14. The petitioner has filed this writ petition alleging that despite directions/orders/writs and directions given by this court in writ petitions Indore Devpolment Authority has not taken any action and sleeping over the matter which is nothing but the continuation of illegal possession by the newspaper agencies over the plots without there being any deed. This court vide order dated 19.02.2008 passed in writ petition no.4806/2007 has directed the Indore Development Authority as well as the State Government to take final order. Now Indore Devpolment Authority has taken a decision and divided 25 allotments into five categories and explain the action taken in respect of the allotment falling in these five categories. In case of where the allotment has been cancelled the newspaper agencies concerned respondent has filed fresh petitions challenging the action. If the petitioner is having any grievance against the said decision he may intervene in those writ petitions. The State Government has taken a cabinet decision in respect of 12 newspaper agencies therefore, now no more issue is pending before the state government as well as the Indore Development Authority . The parties aggrieved by the decision have already preferred writ petitions before this court which are liable to be examined by writ court (single bench). So far the present petition [PIL] is concerned compliance has been done by the State Government as well as by the Indore Development Authority. If the petitioner has any grievance against the decision taken by IDA he may intervene in the pending writ petitions. In this petition, the petitioner trying to assail the validity of the order/ cabinet decision by way of reply to the application for disposal which is not permissible. The purpose of filing this writ petition has been

- : 4 :-

served now as the Indore Development Authority, as well as the State Government both, have taken a final decision which is the subject matter of various Writ Petitions filed by the respondent nos 10 to 30 to be decided by the single bench of this High Court as roster. Hence, this PIL has rendered infructuous.

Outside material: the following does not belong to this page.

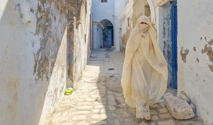 Dans les ruelles anciennes de Kairouan, quand le soleil verse sa lueur sur les murs des demeures authentique de la vieille ville, une silhouette blanche glisse, silencieuse et fière.

The present review petition is filed on the ground that while disposing of Pubic Interest Litigation, this Court did not examine the I.A. No.9588/2021 dated 01.10.2021 filed seeking quashment of the order dated 14.07.2021, secondly; the order passed by the Supreme Court in case of K.K. Bhalla Vs. State of M.P. & others reported in 2006 (3) SCC 581 is law declared by Supreme Court binding all the courts, thirdly, the PIL was liable to be decided in Public Interest on merit in light of judgment passed in case of K.K. Bhalla (supra) and order dated 14.07.2021 ought to have been set aside.

This Court while disposing of Public Interest Litigation has observed that validity of the order dated 14.07.2021 is under challenge in various writ petitions filed by the private respondents in PIL therefore, any observation made by the Division Bench shall affect the decision to be passed in the writ petitions. The present petitioner filed a Public Interest Litigation seeking compliance of direction given in the case of K.K. Bhalla (supra) and thereafter Division Bench of this Court for examination of the allotment made to the Newspaper owners. The Indore Development Authority, as well as State Government, have considered and regularized the allotment with certain conditions and modifications vide order dated 14.07.2021, therefore, substantial compliance has been made . This Court has also observed that the writ petitioner did not challenge the validity of the order dated 14.07.2021 by amending the writ petition but has only brought on record by way of application. The petitioner has also been given the liberty to intervene in the writ petitions.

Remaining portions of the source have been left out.